I read a lot of misconceptions this morning related to this article regarding Google Translate.  Is not properly fresh news but this morning in my telegram group @scienza, this other popularization article has been posted that completely misunderstood the premises of the original academic article (also the so-called informed comments are not really , so I decided to try to keep the record straight and offer a question.

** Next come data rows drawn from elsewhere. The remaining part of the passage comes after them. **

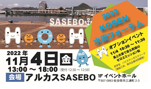 独立行政法人国立高等専門学校機構 佐世保工業高等専門学校(長崎県佐世保市 校長:中島 寛 以下「佐世保高専」)は、水素エネルギーをキーワードにカーボンニュートラル社会を支える地域社会創出・人材育成のため、高専(教職員・学生)・大学・企業関係者が集う「KOSEN水素フォーラム2022」を2022年11月4日(金)に開催いたします。
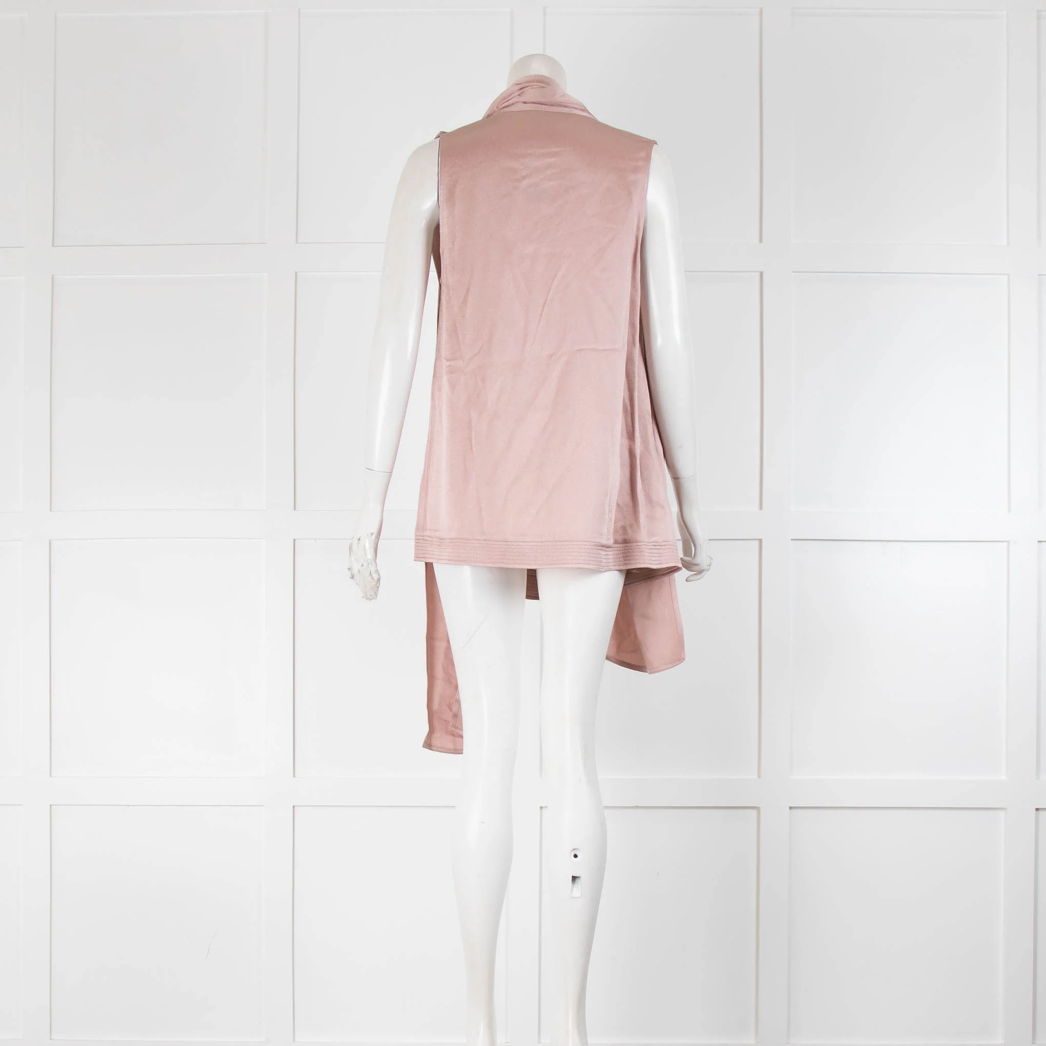 Valentino pink satin sleeveless top with hand-tied bow detail at the neck, a cowl-draped panel, and decorative topstitching.
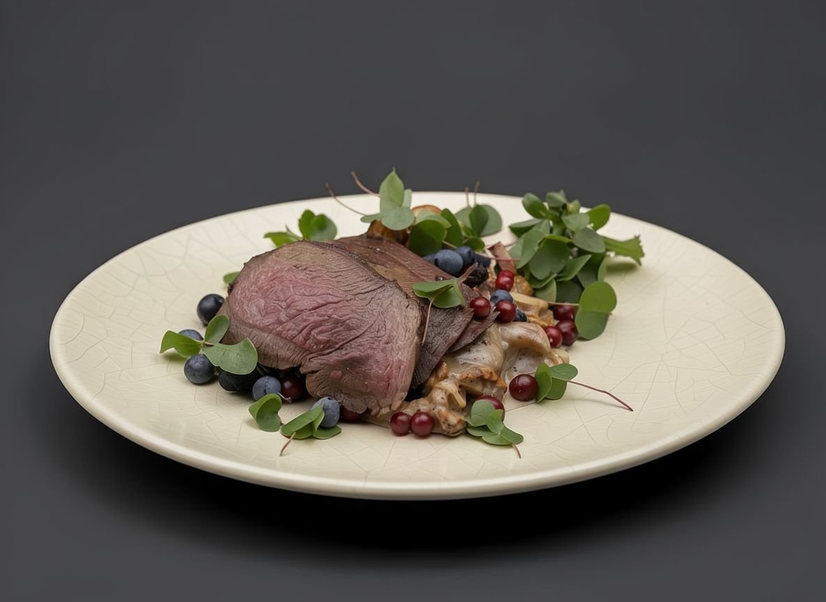 ПодробнееЛосятина немного напоминает классическую говядину, но только она гораздо полезнее и на порядок вкуснее. Из нее получаются превосходные супы, отличные шашлыки и масса других мясных блюд. Мясо лося считается экологически чистым, ведь животное что попало не ест, а выбирает только нравящуюся ему пищу. Включение лосятины в еженедельный рацион позволит насытить организм минералами и витаминами, нормализовать обменные процессы, стабилизировать уровень гемоглобина, а также улучшить работу костно-мышечной системы и даже увеличить умственные способности. Предлагаем не подвергать это довольно экзотическое мясо длительной термообработке, а приготовить его в стиле «татаки викингов» с сезонными сливами и пюре из пастернака с корнем сельдерея.

In the article the approach is referred as a multitasking learning framework

Our approach is related to the multitask learning framework 4. Despite its promise, this framework
has seen limited practical success in real world applications. In speech recognition, there have been many
successful reports of modeling multiple languages using a single model (see [17] for an extensive reference and
references therein). Multilingual language processing has also shown to be successful in domains other than
translation [9, 23].

where a neural network (NN) is trained on several tasks simply by implementing extra tokens (in this case the languages) in the input and ground truth layers. The NN will learn all the designated languages simultaneously by associating phrases with ground truth respect to designated linguistic points (BLEU scores) for the whole network and not disjunctly by direct correlation of two languages. In a sense, it probes the off diagonal degrees of freedom of the NN.

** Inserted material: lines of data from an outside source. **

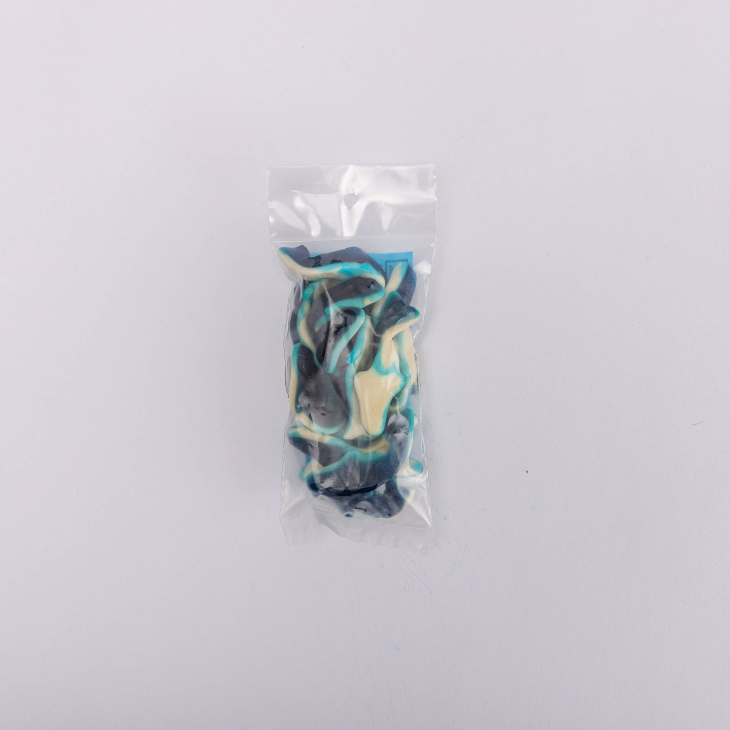 Enjoy Gummi Blue Sharks, a Gummy treat from The Penny Candy Store. Made in the USA and using recyclable packaging, these sweets blend tradition with sustainability with a 12-24 month shelf life.
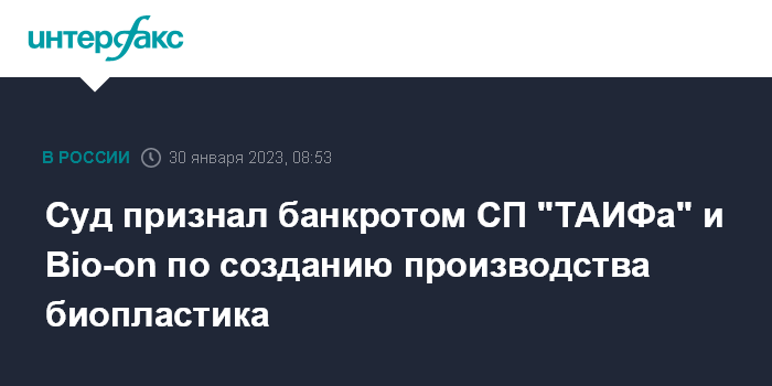 Москва. 30 января. INTERFAX.RU - Арбитражный суд Татарстана признал банкротом совместное предприятие группы "ТАИФ" и итальянской Bio-on - АО "2Био", основанное в 2018 году для создания в Татарстане производства биопластика по лицензии итальянской компании, говорится в материалах картотеки арбитражных дел.
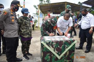 PERESMIAN DAN PENINJAUAN LOKASI JALAN COR BETON, JEMBATAN SERTA TALUD PROGRAM TMMD REGULER KE-109 TAHUN ANGGARAN 2020 KABUPATEN KARANGANYAR DI DESA JATIWARNO, KECAMATAN JATIPURO. RABU, 21 OKTOBER 2020.
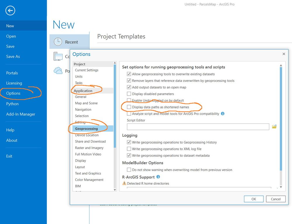 The geoprocessing setting in Pro makes the display path behavior work the same.

What a lot of people then started fantasising a little bit too much about is the “interlingua” process. My guy referred to it even as to a bytecode correspondence between languages that would be unfeasible and would defy too much the purpose of this NN: this has been tried to re-code as little as possible of the original _Translate _algorithm (that already includes all the semantic, glottology…etc… work of Google’s researchers and engineers), and an eventual bytecode would be not flexible and would require a complete overhaul of the code!

What Google Researchers have seen in the NN, is that the same phrase clusterize in different languages according to a specific metric: t-distributed stochastic neighbor embedding, which is a sophisticated projection which reduces dimensionality while preserving pairwise distances (thus creating a low-dimensional metric space).

I wonder: what if I change metric, would I be able to clusterize, according to another metric, the languages?